These findings are indicated in the following screenshot:

Figure 14.19 – Analyzing the content of the PCAP

As the server is within the same network segment of the hotel and as suggested by the characteristics of the communication, it could be an initial attack vector and a potential target.

Although this panel is very useful to start an analysis, you can use tools that have more advanced functionalities—for example, to deobfuscate or decrypt content.

As this is a Windows executable file, we can send these packages to CyberChef to try to get the malicious file for further analysis.

Note

CyberChef is a very powerful tool that we can use to create recipes to simplify the removal of these two HyperText Transfer Protocol (HTTP) headers, giving us a clear visualization of the information that we need to save.

7. Click on the Send the transcript to CyberChef button, as shown in the following screenshot. This will open a new CyberChef tab on your web browser with the content of the PCAP:

Figure 14.20 – Sending the PCAP content to CyberChef

In the same way, you can also download the PCAP file to be analyzed in other network packet analysis applications such as Wireshark or NetworkMiner (you can learn how to use both tools in the Code in Action video).

To filter packages, you need to remove the HTTP content to leave only binary content in CyberChef:

1. In the Operations textbox, write the word strip to filter the options.
2. Drag the Strip HTTP headers field to the Recipe section. This will remove the first HTTP header, then do this again to remove the second HTTP header.
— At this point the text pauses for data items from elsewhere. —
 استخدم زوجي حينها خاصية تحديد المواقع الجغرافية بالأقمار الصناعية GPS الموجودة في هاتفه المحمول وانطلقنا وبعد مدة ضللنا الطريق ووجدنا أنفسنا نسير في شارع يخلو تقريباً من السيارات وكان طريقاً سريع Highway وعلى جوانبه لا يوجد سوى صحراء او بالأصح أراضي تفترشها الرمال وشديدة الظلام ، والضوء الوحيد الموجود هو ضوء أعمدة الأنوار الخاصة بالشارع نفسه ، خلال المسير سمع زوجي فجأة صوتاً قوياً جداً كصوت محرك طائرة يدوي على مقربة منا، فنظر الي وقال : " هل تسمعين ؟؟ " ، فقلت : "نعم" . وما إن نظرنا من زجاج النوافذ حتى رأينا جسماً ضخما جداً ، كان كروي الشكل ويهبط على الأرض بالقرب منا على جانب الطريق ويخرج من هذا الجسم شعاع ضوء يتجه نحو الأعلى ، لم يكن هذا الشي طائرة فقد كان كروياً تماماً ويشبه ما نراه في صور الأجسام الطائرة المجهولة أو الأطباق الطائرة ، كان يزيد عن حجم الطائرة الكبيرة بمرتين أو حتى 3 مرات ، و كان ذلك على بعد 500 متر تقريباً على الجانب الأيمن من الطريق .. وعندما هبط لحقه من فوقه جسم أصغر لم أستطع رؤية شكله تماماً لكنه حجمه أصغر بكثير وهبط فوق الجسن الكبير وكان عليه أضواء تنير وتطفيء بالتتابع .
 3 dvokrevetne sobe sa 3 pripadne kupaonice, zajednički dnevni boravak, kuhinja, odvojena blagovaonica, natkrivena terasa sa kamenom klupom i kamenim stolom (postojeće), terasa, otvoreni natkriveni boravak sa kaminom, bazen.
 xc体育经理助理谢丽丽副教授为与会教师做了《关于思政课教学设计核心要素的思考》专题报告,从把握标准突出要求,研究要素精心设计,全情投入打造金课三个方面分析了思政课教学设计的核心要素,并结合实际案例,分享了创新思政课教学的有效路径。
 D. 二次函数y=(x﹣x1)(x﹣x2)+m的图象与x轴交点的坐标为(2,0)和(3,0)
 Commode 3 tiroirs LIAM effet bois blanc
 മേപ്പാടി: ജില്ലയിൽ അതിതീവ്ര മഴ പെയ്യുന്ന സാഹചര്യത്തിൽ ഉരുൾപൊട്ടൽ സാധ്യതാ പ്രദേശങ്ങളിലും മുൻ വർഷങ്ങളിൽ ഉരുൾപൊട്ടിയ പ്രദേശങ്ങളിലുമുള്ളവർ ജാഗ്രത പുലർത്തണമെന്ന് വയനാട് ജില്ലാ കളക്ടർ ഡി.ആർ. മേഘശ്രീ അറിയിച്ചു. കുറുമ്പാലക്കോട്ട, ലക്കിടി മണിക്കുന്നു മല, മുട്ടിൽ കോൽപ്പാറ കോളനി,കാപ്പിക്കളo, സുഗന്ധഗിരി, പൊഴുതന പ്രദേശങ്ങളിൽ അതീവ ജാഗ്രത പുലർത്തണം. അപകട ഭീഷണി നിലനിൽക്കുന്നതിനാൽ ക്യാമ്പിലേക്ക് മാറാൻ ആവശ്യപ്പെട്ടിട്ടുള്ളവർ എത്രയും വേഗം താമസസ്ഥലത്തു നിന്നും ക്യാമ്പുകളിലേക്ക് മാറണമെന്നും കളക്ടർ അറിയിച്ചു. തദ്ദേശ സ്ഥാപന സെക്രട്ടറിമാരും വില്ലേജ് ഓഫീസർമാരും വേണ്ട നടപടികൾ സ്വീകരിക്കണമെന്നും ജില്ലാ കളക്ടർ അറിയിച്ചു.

Now, you should be left with a line starting with MZ.
3. Click on the Save output to file button.
4. Change the name of the file to susp_file_01.dat and click the OK button to save the file.

The process is illustrated in the following screenshot:

Figure 14.21 – Saving the executable file

We now have the sample of potential malware, and we can review it to identify its functionality.

Note

You may need to disable Windows Defender beforehand because it could catch this malware sample.

5. Move the downloaded file to the following path: C:UsersInvestigatorWorkspaceLabsChapter-14.
6. Open pestudio.exe from C:UsersInvestigatorWorkspaceToolspestudio.
7. Drag the susp_file_01.dat file to the pestudio interface.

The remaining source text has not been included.